= Pinaymootang First Nation =

First Nations people whose home location is at Fairford, Manitoba, Canada

Pinaymootang First Nation (also spelt in Ojibwe as Binemoodaang, meaning Partridge Crop Place) is a First Nations people whose home location is on Fairford 50 Reserve at Fairford in the Rural Municipality of Grahamdale, Manitoba, Canada. They are situated on Provincial Trunk Highway 6 (PTH 6) in the Interlake Region of Manitoba about 220 kilometres from Winnipeg. The Rural Municipality of Grahamdale forms most of the reserve's land boundary, although it also has a short border with the Little Saskatchewan First Nation as well as significant lakeshore on Lake St. Martin, which is considered as being outside the reserve. The main settlement on the reserve is located at .

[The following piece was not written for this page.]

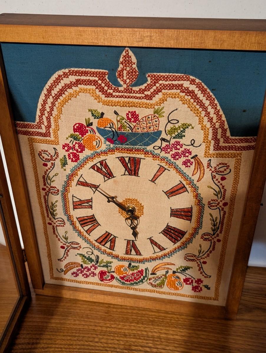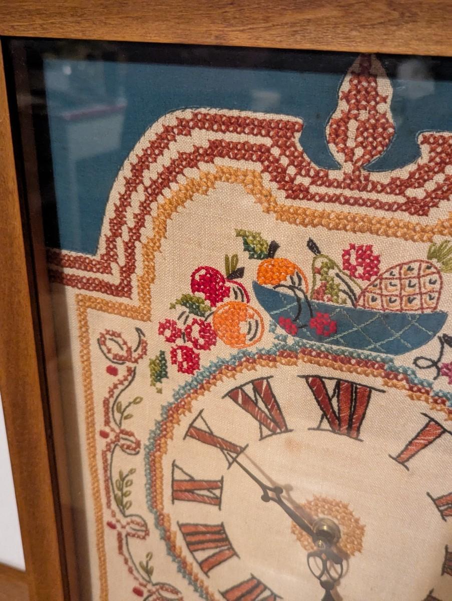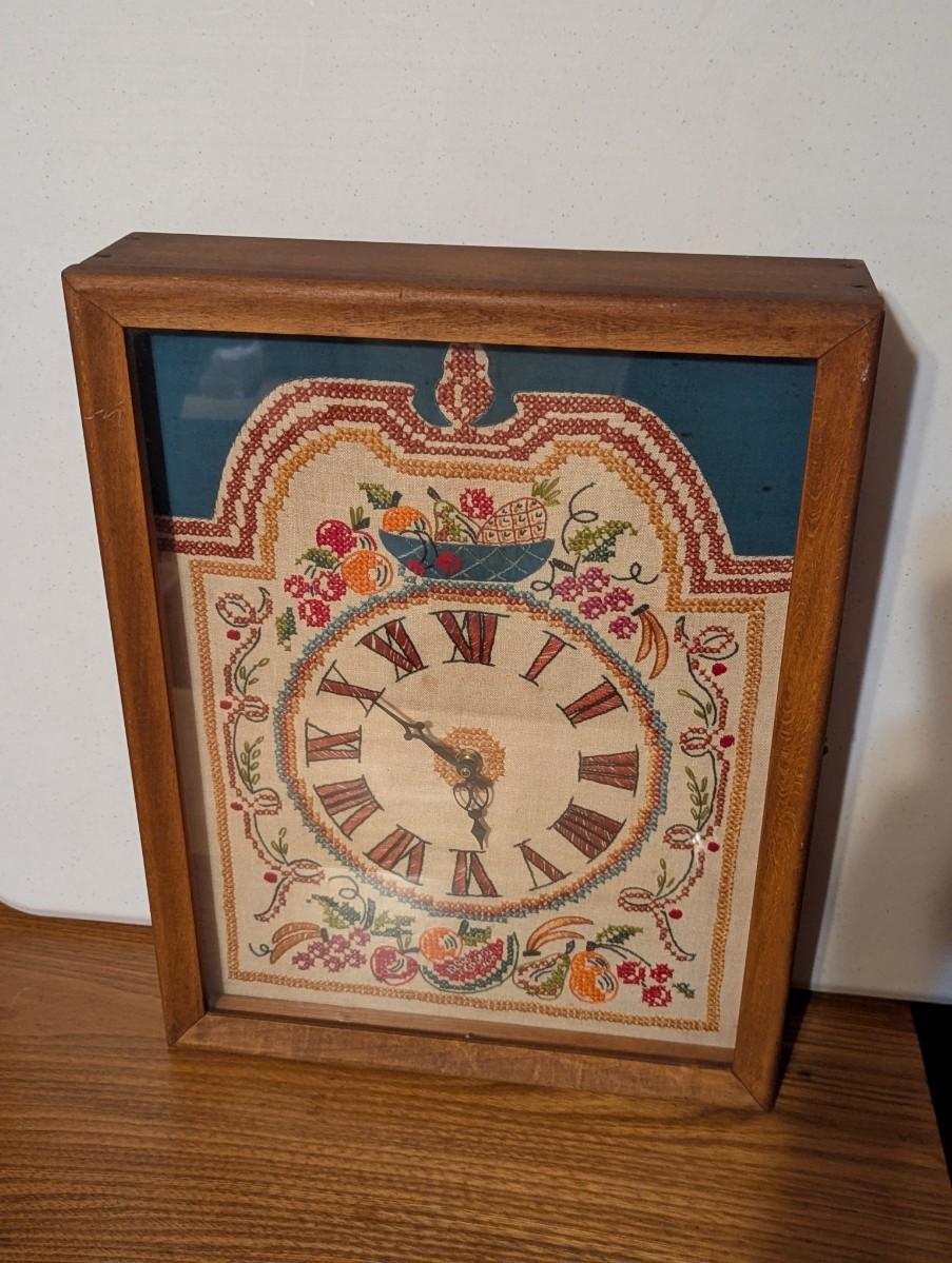 Vintage Battery Operated Mantle Clock Cross Stitch Face Shadow Box Fruit Sampler

The geographically separate second part of the Fairford 50 reserve is located on Dunsekikan Island in Lake St. Martin, and is about ten miles east of the main section of the reserve.

The registered population on Fairford 50 is about 1300 people while an additional 1600 live in various other locations. The 2011 Census showed an official population of 989 persons living at Fairford 50.

The Chief of the First Nation for over 40 years was Levi Bruce. In December 2023 Cindy Woodhouse was elected National Chief of the Assembly of First Nations.